She shrugs. “A third of our team is gone. Our worst fighters. I say we take the fight to whoever took them.”

“But you don’t know what’s calling to us. You don’t know that it’s what took them.”

The two of them square off for several seconds; even though Steve is at least a head taller, he’s the one who relents. “We check on the van first, then we let the voices lure us into the woods.”

“Acceptable,” she says.

As she’d guessed, Sharon and Tony aren’t at van, and she has the audacity to flash him a grin as she jogs into the woods before the voices even renew their calls.

* * *

“You’re sure it was here?” Bucky presses. “This doesn’t look like the same path at all.”

“We’re right where the pin is.” Sam tilts the screen to show it to him. “So all we have to do is keep going in…” He turns the phone, watching the screen as he does so. “That direction.”

Bucky sighs and lets Sam take the lead. “Think the others are having any luck?”

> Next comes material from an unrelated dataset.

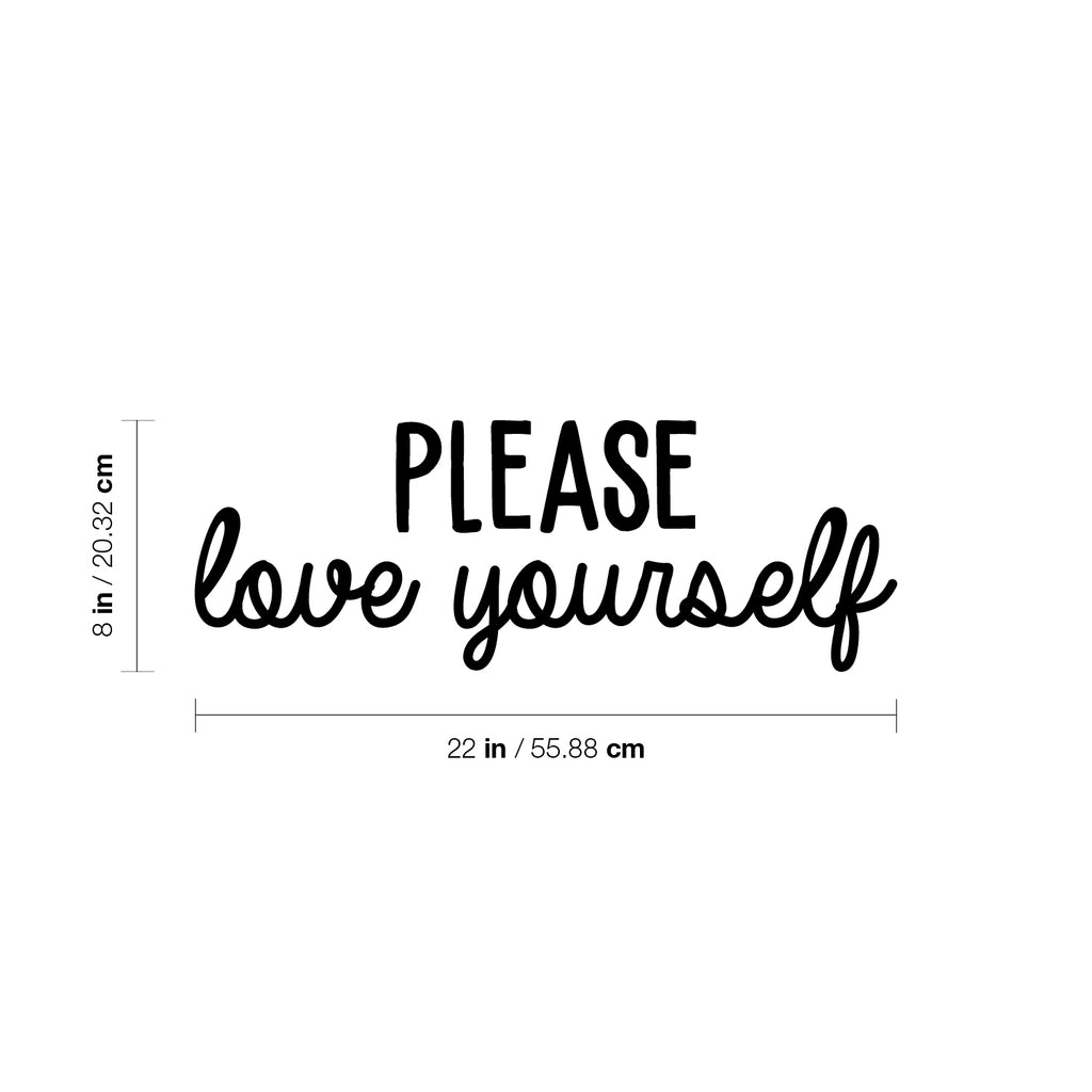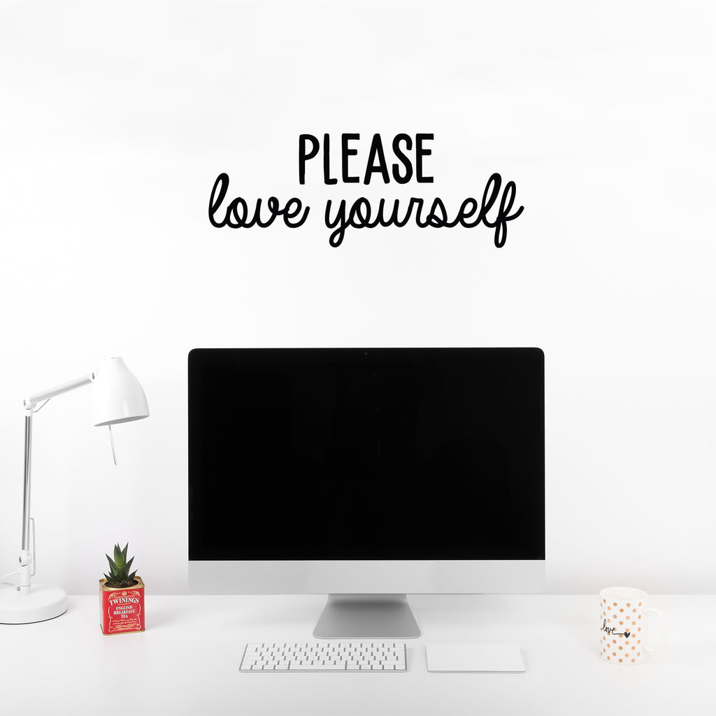 This great decal quote "Please Love Yourself"; is the perfect touch for your home. Use it for your makeup area; dorm room or anywhere you want to bring some extra decoration. It's a vinyl sticker that is easy to put on any smooth and dry surface. Our modern designs don't just brighten up the room; but brighten up the day. Using top of the line vinyl across all of our production allows us to be the leaders in quality and design.

“Only luck we’ve got these days is bad.” They walk for another hour or so before Sam lowers his phone and frowns at a rocky outcropping. Around it, the earth gently rises on a hill, but the rocks themselves are bare and seem darker than their surroundings. There’s no grass growing in front of them, and the ground is too hard and cold to reveal any prints. “How far away would you say the mountains are?”

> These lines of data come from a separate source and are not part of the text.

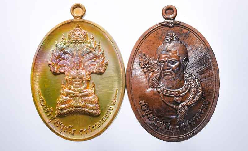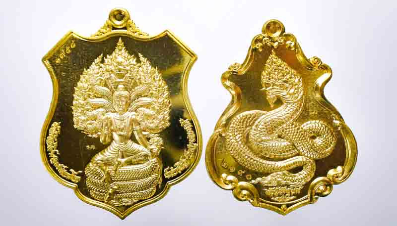 พญาครุฑ วัดหน้าพระบรมธาตุ นครศรีฯ เหรียญเนื้อทองทิพย์รุ่นเสริมบารมีรวยทรัพย์ปี๖๐ สวยๆ |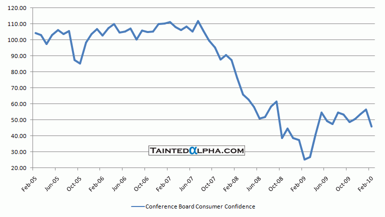 Markets are down, the negative surprise was Conference Board Consumer Confidence which came out at 46 vs. 55 consensus and 56.5 for January.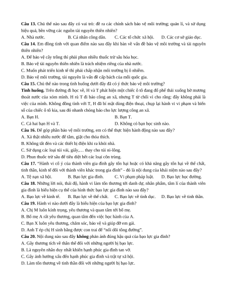 A. Tệ nạn xã hội. B. Bạo lực gia đình. C. Vi phạm pháp luật. D. Bạo lực học đường.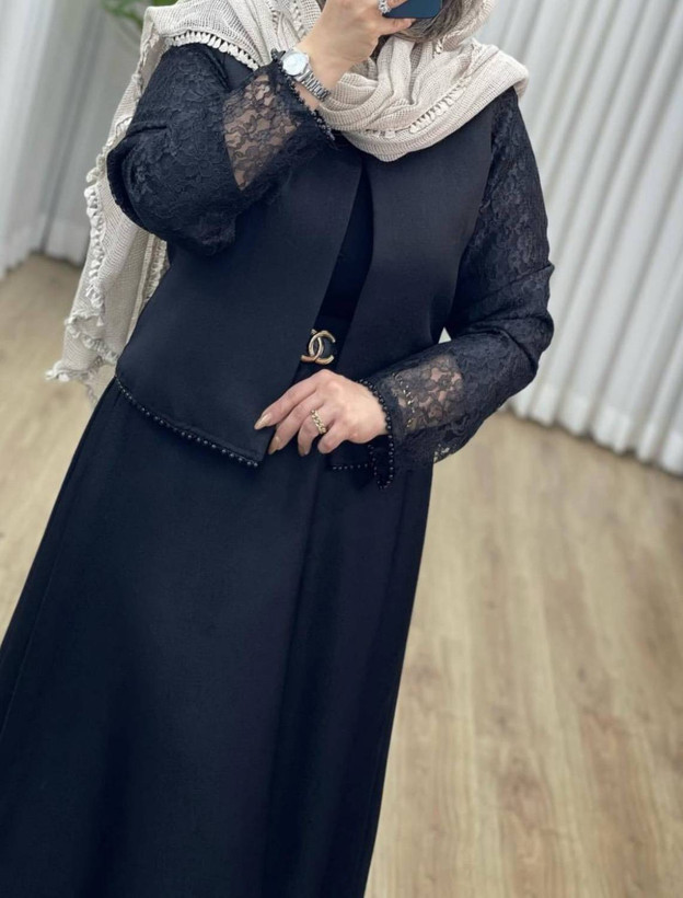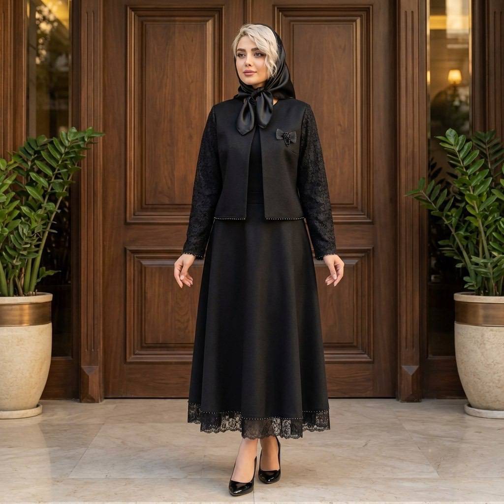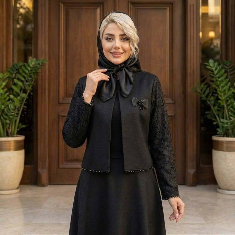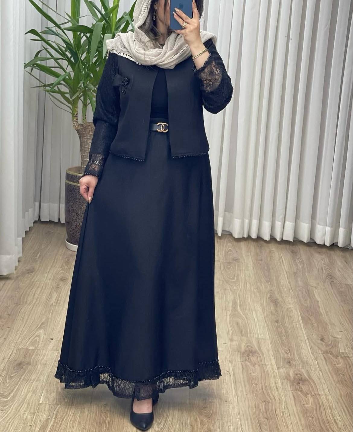 💫کت و دامن دانتل با مرواریددوزی ظریف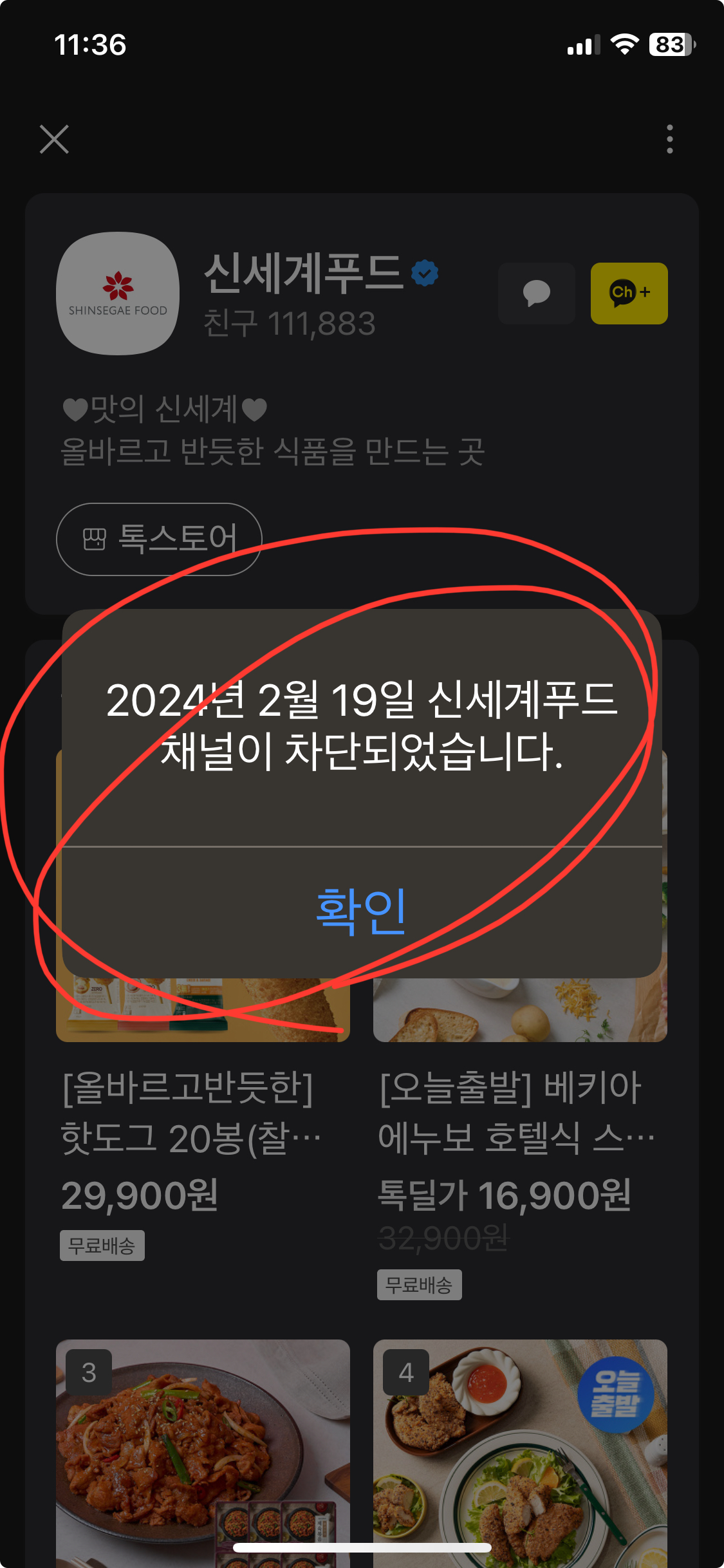 채널이 차단되었다는 확인 메시지가 팝업으로 뜨는 것을 볼 수 있습니다.
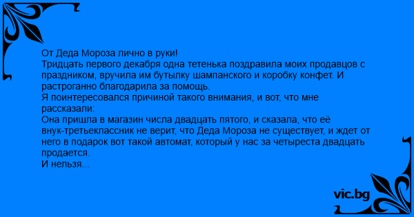 просил, получи в известном тебе магазине «Игрушки». Дед Мороз».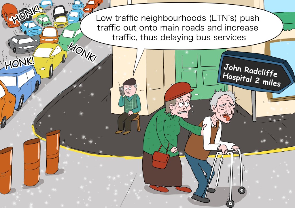 Card 4: How Low Traffic Neighbourhood Schemes (LTNs) are forcing traffic onto main roads, and forcing people of all ages and disabilities to walk or cycle.

“Hard to tell with all the trees. Can’t be too far off.” Bucky stops beside him and studies the stones before them. Even the air around the rocks feels menacing. “That can’t be good.”

Sam shakes his head without looking away. He holds up his phone screen to check on the direction, keeping half his attention on the outcropping as if expecting something to run out of it at any moment. He sighs.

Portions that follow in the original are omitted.